小澤さんは上記の天皇のスピーチ全文のうち「太平洋に浮かぶ美しい島々で・・・」という言葉を「日本国憲法をきちっと守っていく」決意の言葉として受けとめるのですが、元新聞記者の「アリの一言」ブログの主宰者は天皇のスピーチのはじめの部分の「祖国を守るべく戦地に赴き、帰らぬ人となった人たちが深く偲ばれます」という一節に着目した上で「耳を疑う発言です。

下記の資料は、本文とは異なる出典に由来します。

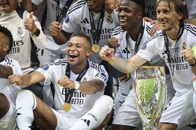 9 KYLIAN MBAPPE (RM) Real Madrid celebrate victory after the UEFA Super Cup 2024 - Match de football "Real Madrid vs Atlanta" lors de la Supercoupe de l'UEFA. Le 14 août 2024 © Elyxandro CEGARRA / Panoramic / Bestimage

南島で戦死した兵士は、『祖国を守る』ために戦地へ行ったのか。そうではありません。日本帝国主義の侵略戦争のために、その戦線を守るために派兵され、玉砕したのです。侵略戦争を『祖国防衛戦争』であったかのようにいい、戦争責任を棚上げすることは許されません」というコメントを述べています。「アリの一言」ブログ主宰者のように天皇のスピーチのはじめの部分の一節に着目すれば小澤さんのような極端に主観的な天皇のスピーチ解釈は出てこようもないもののように私には思われます。小澤さんのような天皇のスピーチ解釈は「リベラルの人」の天皇のスピーチ解釈とはとても思えません。連想するのは天皇の「勅命」(その多くは間接的なものだったでしょう)を現人神の言葉として直立不動で奉勅する軍人の姿です。しかし、いまや、いうまでもなく軍人の時代ではないのです。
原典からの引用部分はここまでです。